J'ai gratté ces quelques images en relançant ma presse, au fond des bois ou j'ai installé mon atelier. Évidemment, il y a quelques
différences avec les originaux mais je suis assez contant du résultat.
Faire une copie de gravure de Rembrandt d'après un reproduction au format, même très bonne, n'est pas facile mais je dois dire que ça m'éclate assez. J'apprends beaucoup. La prouesse technique
réside dans deux choses: retrouver la spontanéité inouïe de ce bon vieux génie de Van Rinj, et arriver au même contraste, la même densité de trait avec une pointe sèche sur du plastique.
Impossible! Mais c'est le propre de l'art d'essayer de rendre visible, audible, sensible ce qui est impossible.
Le système de numérotation des images suit la numérotation selon Bartsch dans son catalogue de 1797. Même si cette numérotation est contestée par certains, elle
permet à chacun de s'y retrouver sur les 289 planches existantes.
Cette revue n'est pas seulement destinée aux collectionneurs et connaisseurs d'estampes. Elle me permet de présenter, de partager et de faire vivre l'oeuvre gravée
de Rembrandt qui englobe des autoportraits, des sujets bibliques, allégoriques, érotiques, des études de mendiants, des paysages, des nus et des portraits comptant parmi les chefs d'oeuvres de
l'art graphique.
Pour toutes informations sur le format des plaques (en général identique à l'original), au format du papier, à sa qualité, au nombre d'exemplaires réalisés, le prix des planches, une seule
adresse amouroux.cyril@free.fr
Le cochon. B. 157
Avec pointe sèche.D'après le premier état sur deux. Signé daté Rembrandt F. 1643. Haarlem.
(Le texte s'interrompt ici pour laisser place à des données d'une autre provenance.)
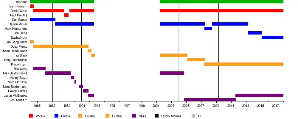 - Mike « Yaz » Jastremski - basse (1986–1988, 2001–2004 ; décédé en 2005)
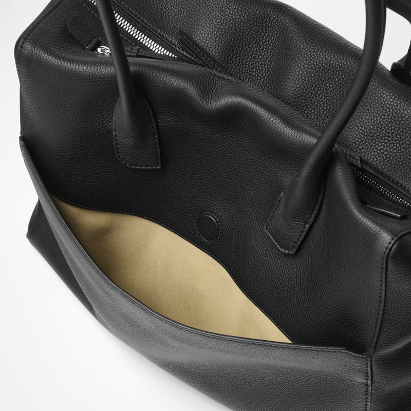 伸縮するデザインで、肩にかけて持ったときの"収まりの良さ"を感じるトートバッグ。

J'ai une tendresse particulière pour ce cochon. Je le trouve vraiment émouvant. Rembrandt en a fait un sujet
sympathique, presque souriant. Bien qu'étant le personnage principal de l'image (de part le traitement de son pelage), c'est dans l'arrière plan que réside tout l'intérêt de cette
image. Une famille entière en quelques traits. La mère penchée sur sa petite fille semble lui parler en présentant le cochon que l'on va sacrifier très bientôt.Le fils aîné se tient au
dessus avec le père dans l'entrebâillement de la porte. Ce dernier tient une hache et regarde son fils cadet qui traverse la scène en courant, un sac sous le bras. Le pitchou regarde par dessus
son épaule, hors champs, de façon amusé pour voir si son poursuiveur arrive. Que de vie en si peu de traits! Quelle économie de moyen pour céer cette scène riche et
mouvementée.
Rembrandt appuyé. B . 21
D'après le Second
état.Signé et daté Rembrandt f. 1639. Haarlem
Un des plus célèbres autoportraits gravés du maître.